Volume 2016 | Article ID 4893724 | https://doi.org/10.1155/2016/4893724

The Numerical Analysis of Two-Sided Space-Fractional Wave Equation with Improved Moving Least-Square Ritz Method

Rongjun Cheng,¹Hongxia Ge,¹and Yong Wu²

Academic Editor: Efstratios Tzirtzilakis

Received17 Dec 2015

Accepted22 Feb 2016

Published17 Mar 2016

Abstract

A numerical analysis of the space-fractional wave equation is carried out by the improved moving least-square Ritz (IMLS-Ritz) method. The trial functions for the space-fractional wave equation are constructed by the IMLS approximation. By the Galerkin weak form, the energy functional is formulated. Employing the Ritz minimization procedure, the final algebraic equations system is obtained. In this numerical analysis, the applicability and efficiency of the IMLS-Ritz method are examined by some example problems. Comparing the numerical results with the analytical solutions, the stability and accuracy of the IMLS-Ritz method are also presented.

1. Introduction

Due to extensive use in the fields of dynamics [1], fluid mechanics [2], viscoelasticity [3], materials [4], hydrology [5], biology [6, 7], porous media [8], physics [9, 10], engineering [11, 12], and so on, fractional partial differential equations have become a hot research topic. Consequently, scholars pay much attention to the analytical solutions of fractional partial differential equation (PDE) of physical interest. Unfortunately, a fractional PDE has no exact solution in many cases owing to complex series or special functions. So it is extremely important and necessary to resort to numerical solutions.
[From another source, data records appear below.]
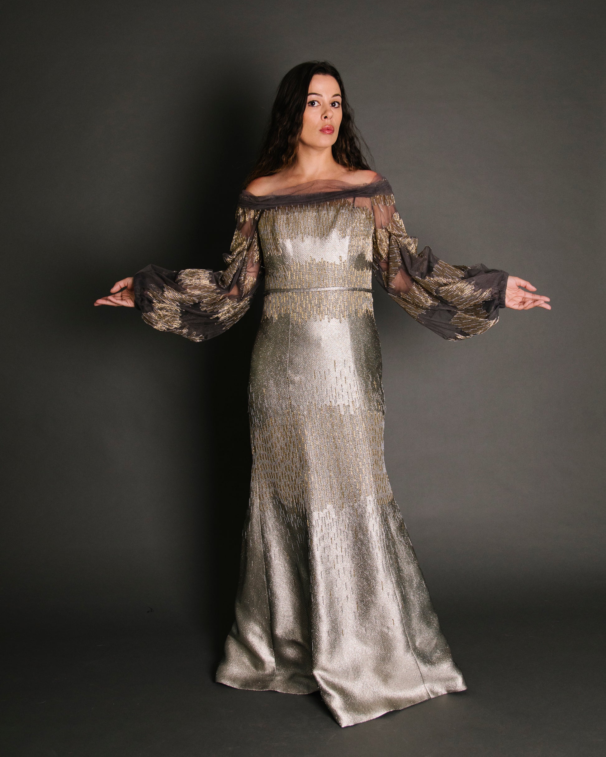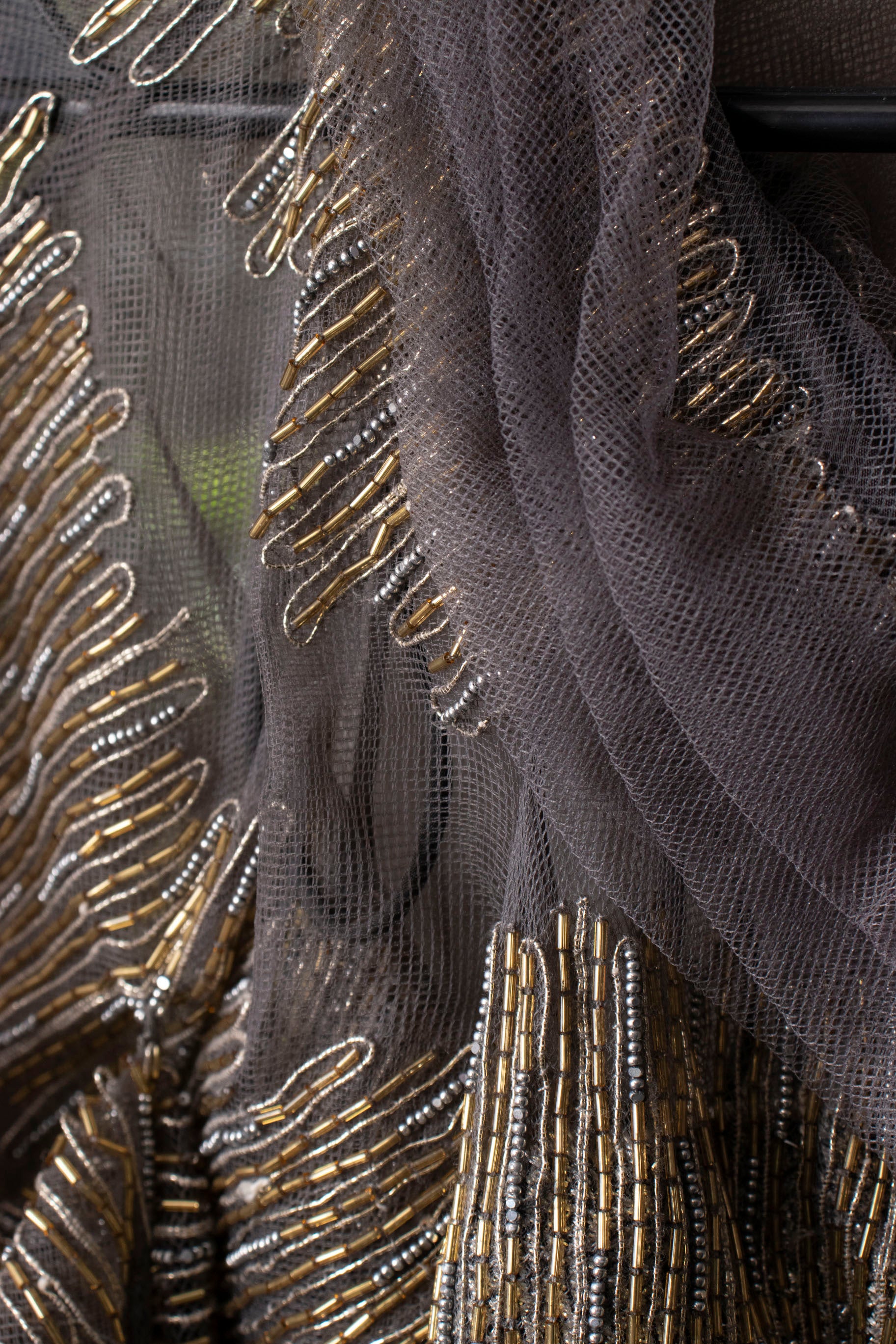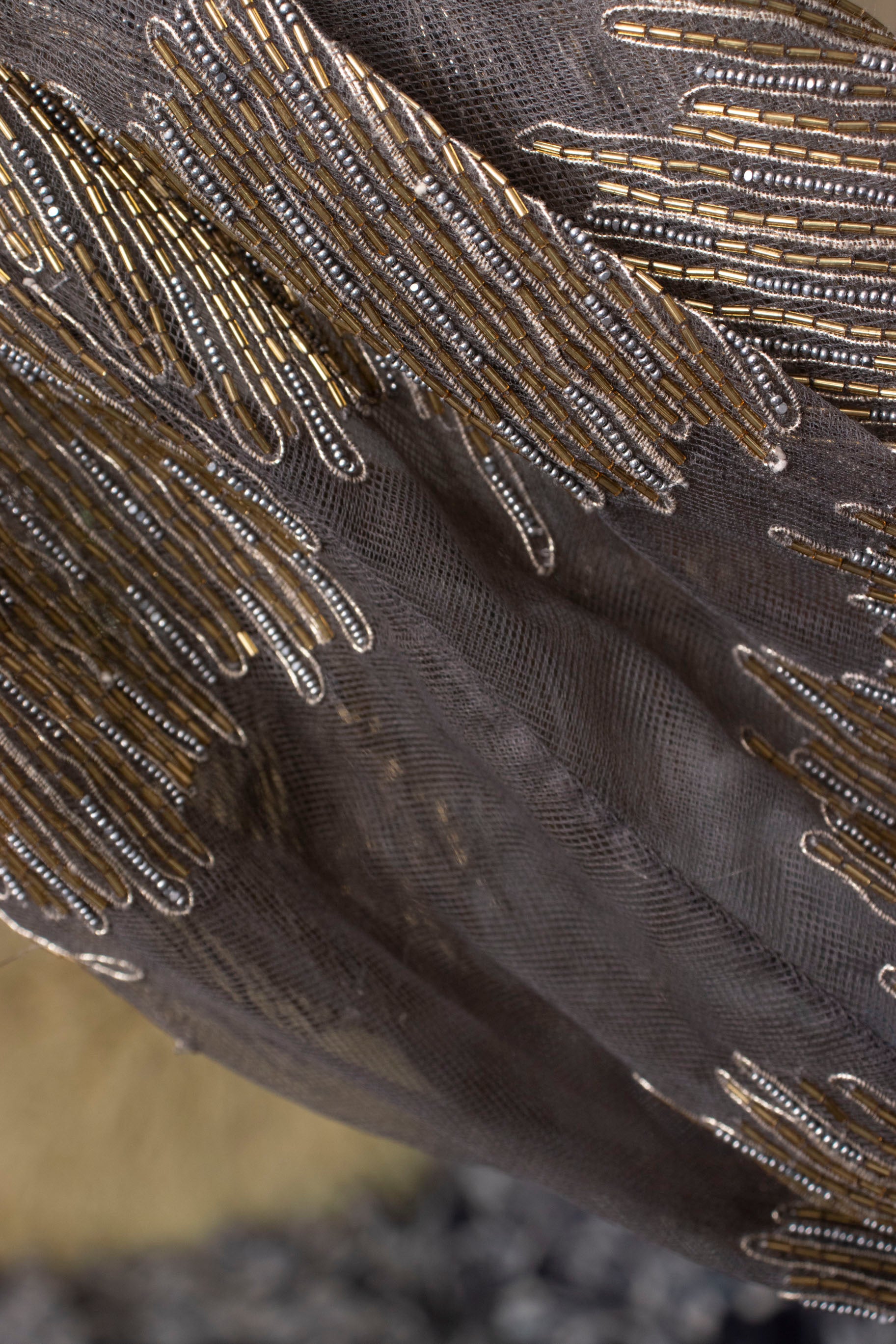 This stunning gown makes a bold impression! Crafted from a heavy woven silk and polyester blend, it features intricate silver and gold beadwork. The bias cut ensures a beautiful drape, while the balloon sleeves add a dramatic touch. A subtle train enhances its elegance and sparkle for evening wear. Details include tulle-trimmed boning in the bodice, a mini train, cream silk lining, and a back zipper. The semi-sheer, heavily beaded balloon sleeves hold their shape with 8-inch cuffs. Gently worn with tags, it has a faint interior stain on the back train.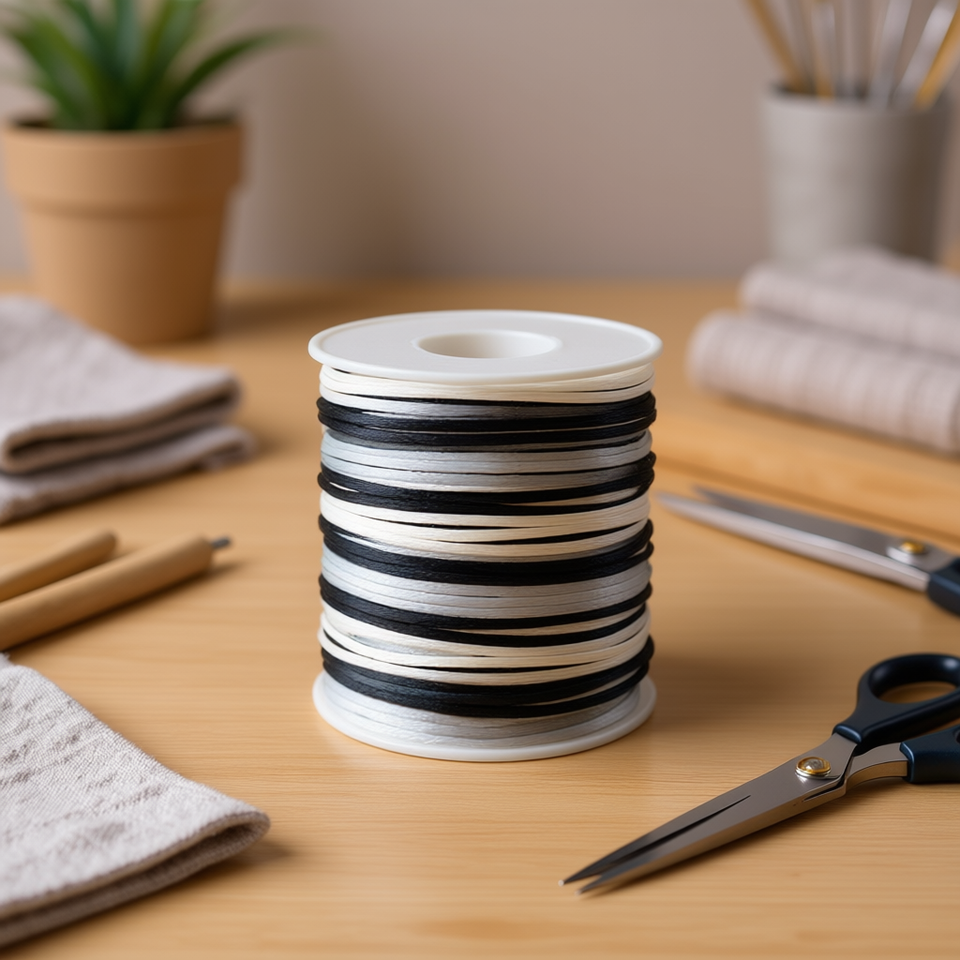 Filo per Cucito a Punto Rattail 1.5mm 50m Tinto in Sezioni Nero Bianco Grigio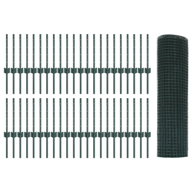 vidaXL Varjena žičnata ograja s 44 U stebrički Zelena 0.4x100 m Jeklo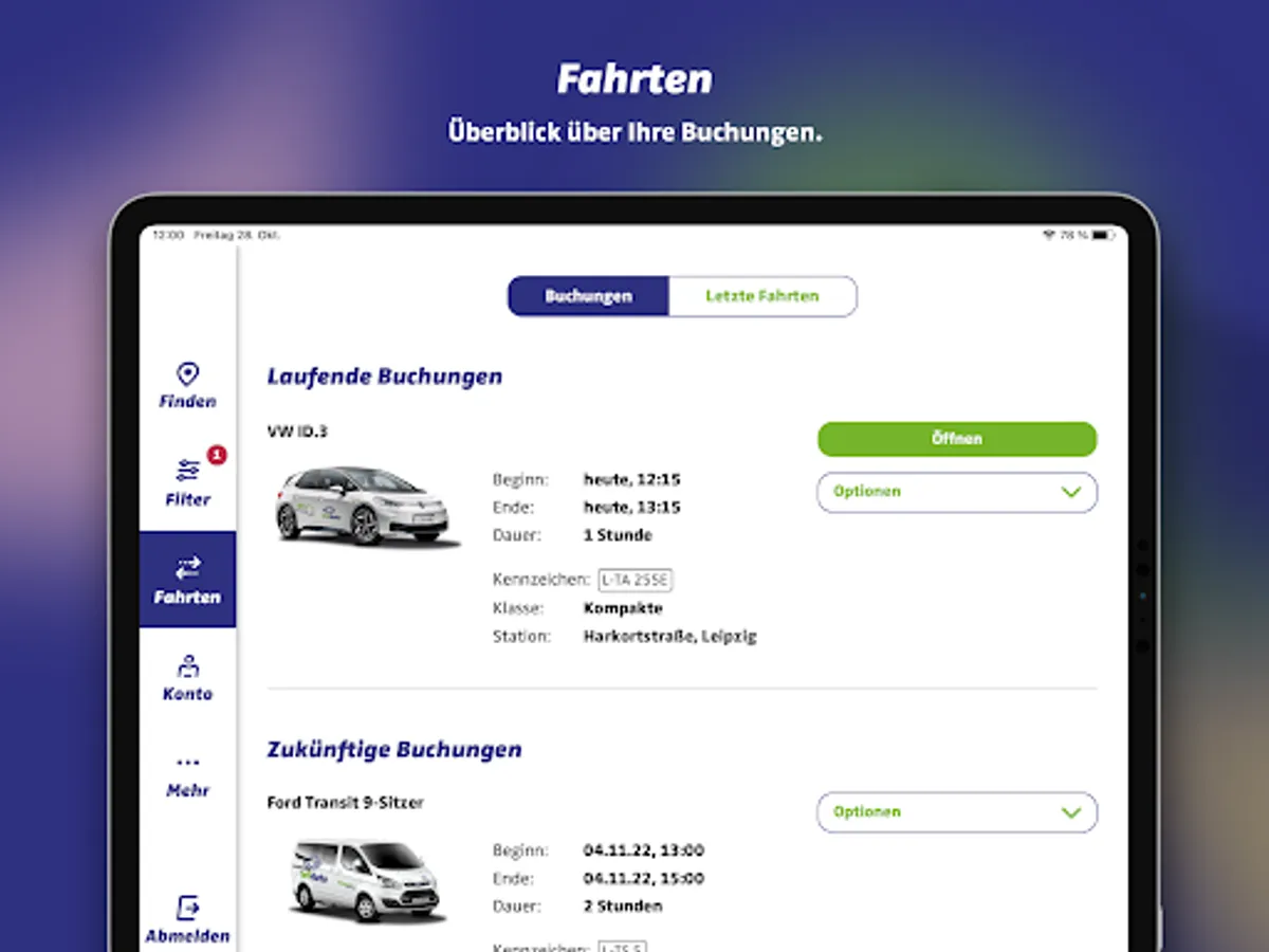 The app lists current and future bookings. You can call up information about the vehicle and station, change booking data or report problems quickly and easily. There is also an overview of your past trips and their costs.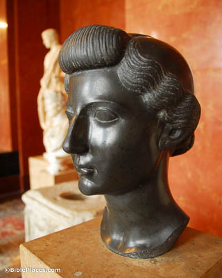 The word “adornment” (Gk. kosmos) and the related verb “to adorn” (Gk. kosmeō; cf 1 Tim 2:9; Titus 2:10) originally referred to the arrangement, order, or beautification of things. One skilled in adornment was referred to as a kosmētikos. Julia Titi was the daughter of the Roman emperor Titus. As a woman of high society, her fancy hairstyle and form of dress would have been emulated by women throughout the Roman empire. This portrait of Julia Titi illustrates fashion in the late 1st century AD. In antiquity, this sculpture was painted and included earrings, a necklace, and a diadem, all of which were likely composed of gold and precious stones.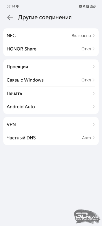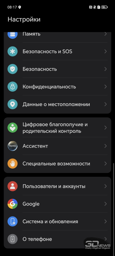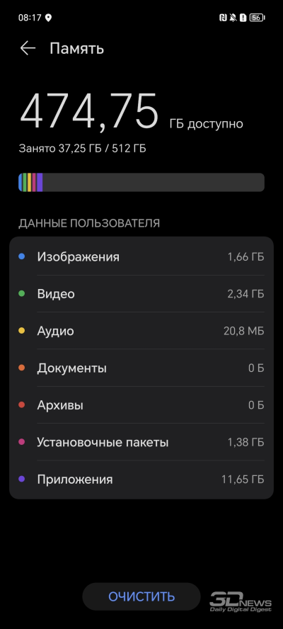 HONOR 90 поставляется с 12 Гбайт оперативной памяти и накопителем на 512 Гбайт (в природе также встречаются версии с 8 Гбайт оперативки и с флеш-модулем на 256 Гбайт — причем почти в любых сочетаниях). К сожалению, достоверно выяснить тип оперативной памяти у меня не получилось – специальные приложения не дают ответа, а в настройках смартфона информации также нет. Остается надеяться, что карта поддержки быстрой оперативки действительно разыграна. Отмечу, что оперативную память можно расширить за счет накопителя, «отъев» у него до семи дополнительных гигабайт. А вот накопителю гигабайт добавить нельзя – слот для карты памяти не предусмотрен. Впрочем, для полутерабайтного устройства эта проблема не выглядит серьезной.

The fractional diffusion-wave equation has been an interesting topic to invest in during the past decades. There is already some important progress for the fractional diffusion equation or advection-diffusion equations. Deng [13–15] presented the numerical method for fractional diffusion equations, Liu et al. [16] used the difference method for space-time fractional equation and presented the stability and convergence, Meerschaert and Tadjeran [17] applied the finite difference approximation for space-fractional equations, Meng [18] put forward a new approach for solving fractional partial differential equations, Sousa [19] developed numerical approximations for fractional diffusion equations via splines, Zhou and Wu [20] proposed the finite element multigrid method for the boundary value problem of fractional advection dispersion equation. Nigmatullin [21] presented the fractional diffusion equation to describe the diffusion in porous media. Mainardi [22, 23] has shown that the FWE describes the propagation of mechanical diffusive waves in viscoelastic media. Much study has been done for the time fractional PDE in [24–26]. In fact, most of the works focus on the time fractional PDE. In another latest paper, Sweilam et al. considered a 1D fractional wave equation in [27], Deng et al. used the alternating direction implicit algorithm for the space-fractional equation in [28], Jia and Wang used the fast finite difference methods for space-fractional PDE with fractional derivative boundary conditions in [29], and Guan and Gunzburger applied the finite element method (FEM) for the space-time fractional PDE in [30].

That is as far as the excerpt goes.